Isso se tornou bem comum e bem irritante. Pip não controlava o tempo, apesar de poder manipular o vento com suas asas, então a poeira sempre voltava para ele uma hora ou outra.

Ao terminar de tirar todas as nuvens mais uma vez, uma voz o chamou logo abaixo.

- Você fez um bom trabalho tirando as nuvens.

- Damien! - Pip exclamou seu nome com felicidade ao encontrá-lo e deu um voo rasante para aterrissar no prédio. - Você já voltou!

O anticristo deu de ombros com um sorriso orgulhoso.

- Me livrar de Satã foi mais rápido do que eu esperava. Ordenei à Demonius que ficasse de vigia sobre o inferno e me mandasse um sinal caso algo acontecesse.

Ainda não descia para Pip que Satã estava morto. Soava errado. Mas, se Damien realmente o matou, não havia nada que ele pudesse fazer a não ser lamentar. Satã parecia alguém tão legal. Pip desejava ter podido conhecê-lo melhor pelo tempo que ficou no inferno, mas sabia que, se Damien não tivesse feito o que fez, ele nem estaria ali agora.

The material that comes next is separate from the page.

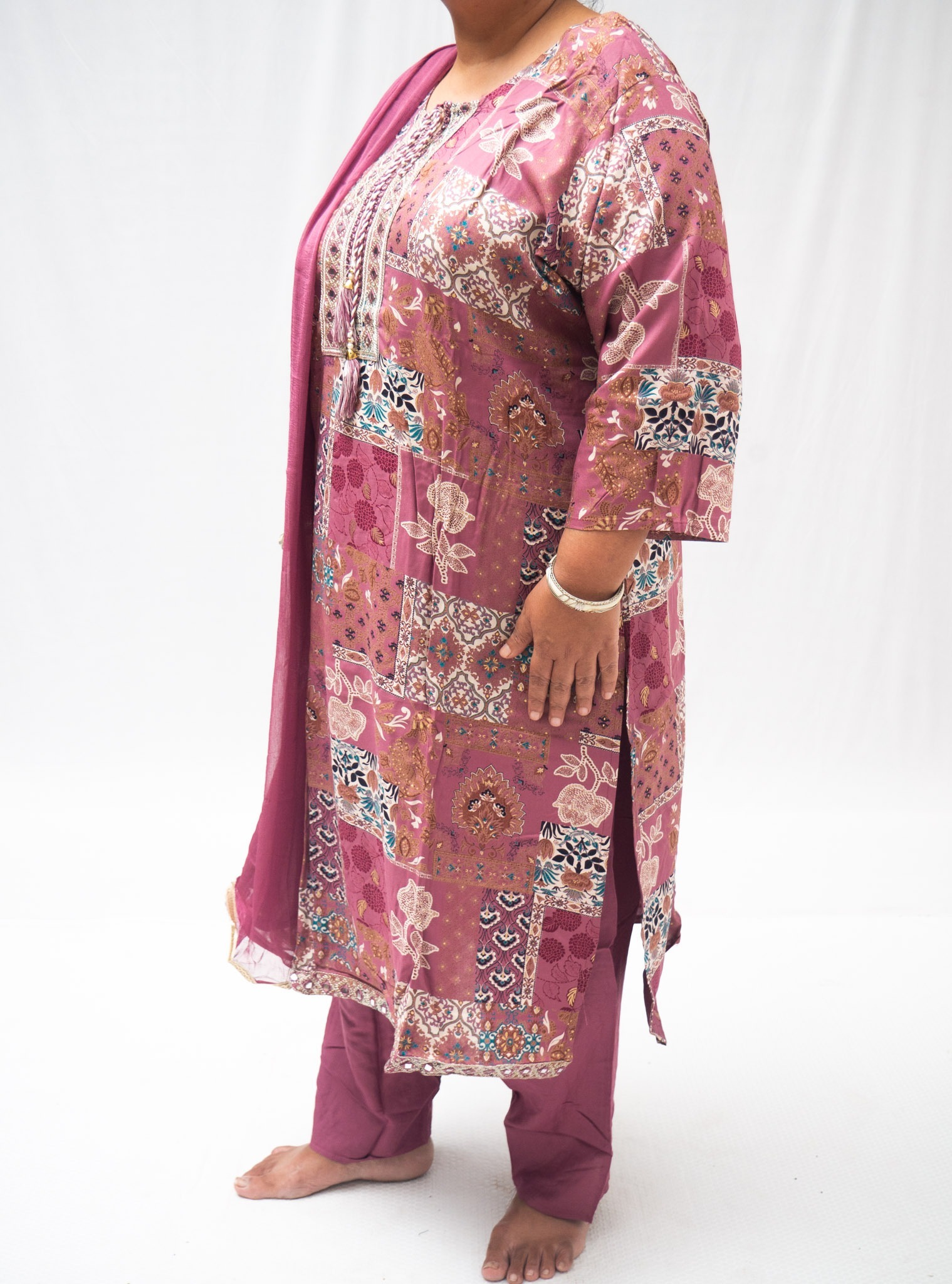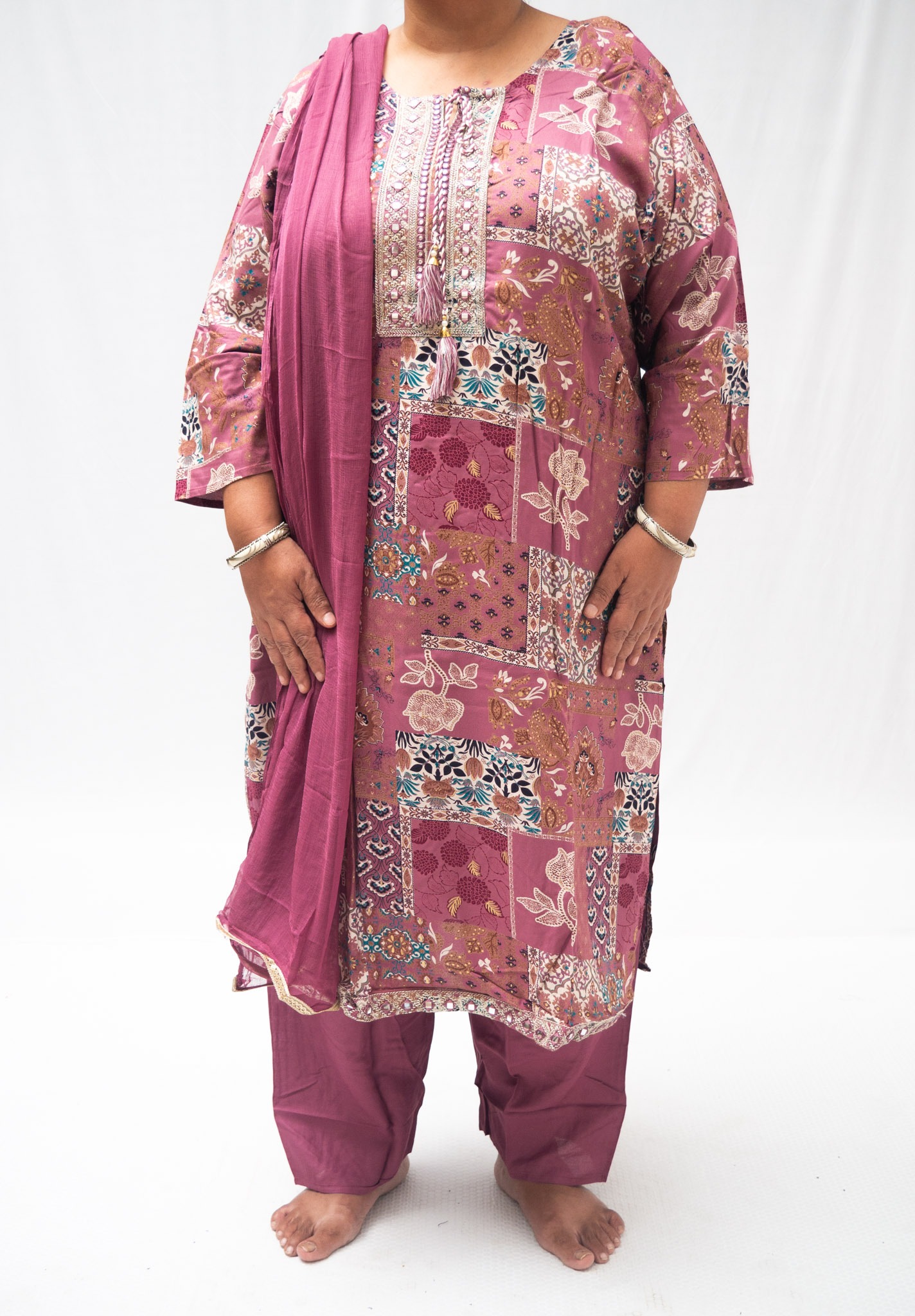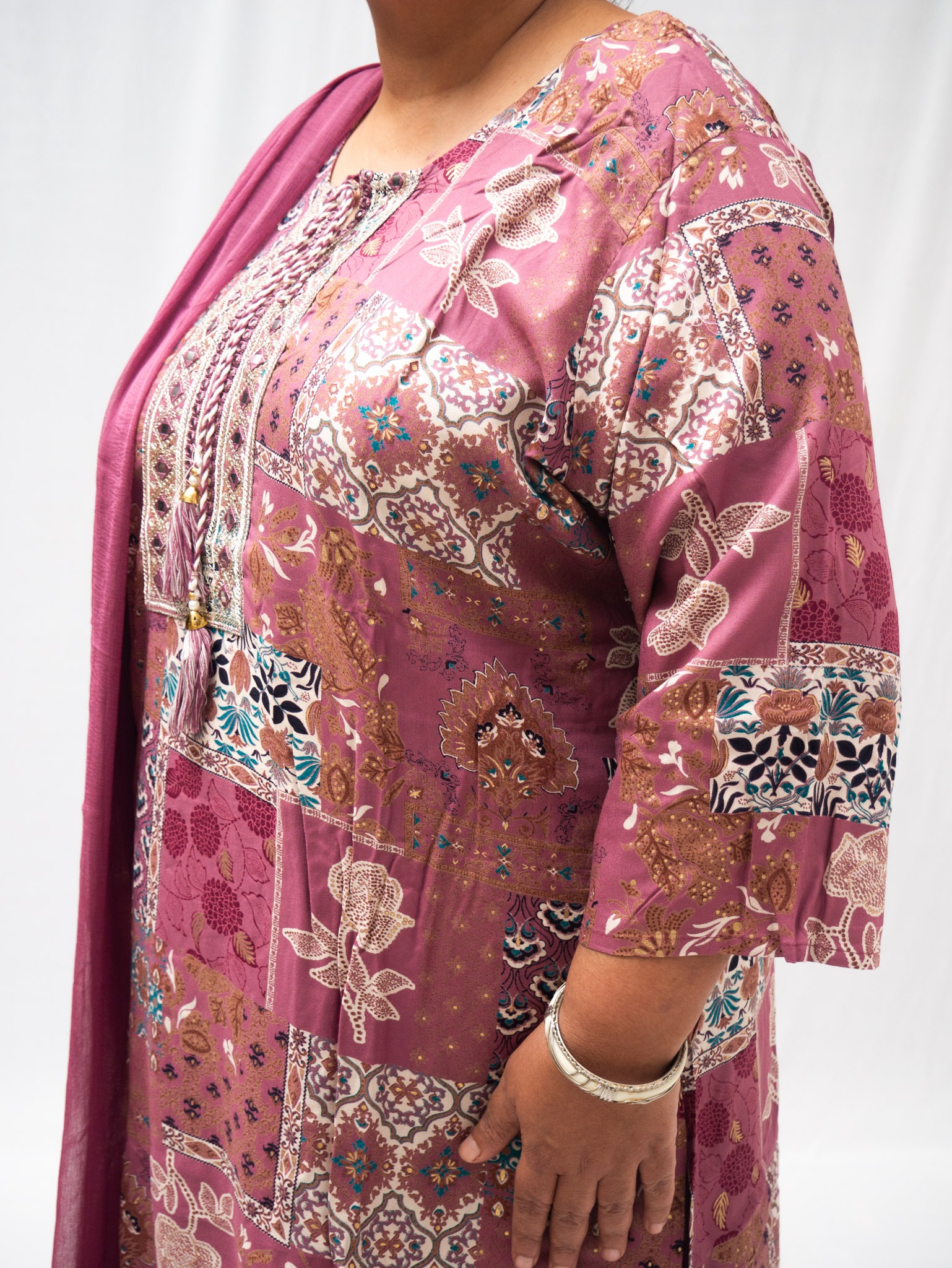 Celebrate heritage with Pratha, a salwar Kurta set that blends traditional motifs with contemporary charm. The kurta showcases a patchwork-style print combining floral, paisley, and geometric elements in earthy tones. Its neckline is adorned with intricate embroidery and mirrorwork, forming a vertical panel that adds texture and elegance. A pair of tassels completes the look with a playful touch.

- Ele tem como te alcançar aqui? - perguntou Pip, referindo-se a Demonius e os demais.

- Não. Por isso que eu dei no pé enquanto falava. Ninguém vai precisar nos incomodar aqui.

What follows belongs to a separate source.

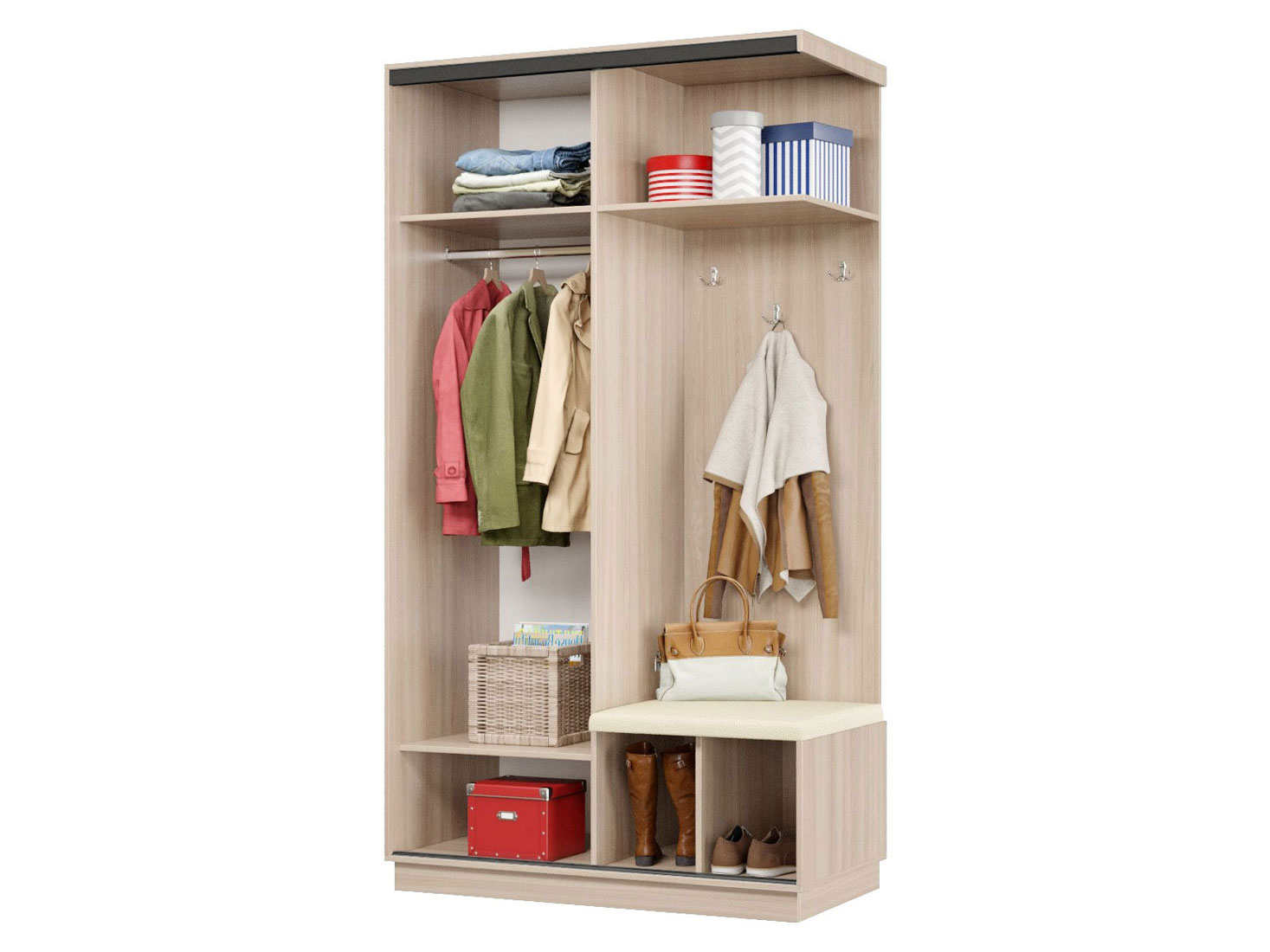 • Прихожая Маршал 11 с мягким сиденьем сочетает стильный дизайн и практичность. Открытые элементы включают зону с тремя крючками для одежды и верхнюю полку для хранения аксессуаров. Под мягким сиденьем расположены две открытые ниши для обуви. Зеркальная дверь визуально увеличивает пространство и позволяет оценить свой внешний вид.

- Mas e quanto ao inferno?

- Eles não podem passar se eu não abrir os portões para eles, não têm como sair. Foi assim no apocalipse e será assim agora: eu em cima e eles embaixo, aguardando minhas ordens. Acho que, enquanto eu descia de novo, sem você, eu só percebi o quanto eu não me importo com o que acontece com o inferno. Querendo ou não, os demônios vão me obedecer se eu der uma ordem. E, se não obedecerem, uma pequena amostra de medo não fará mal.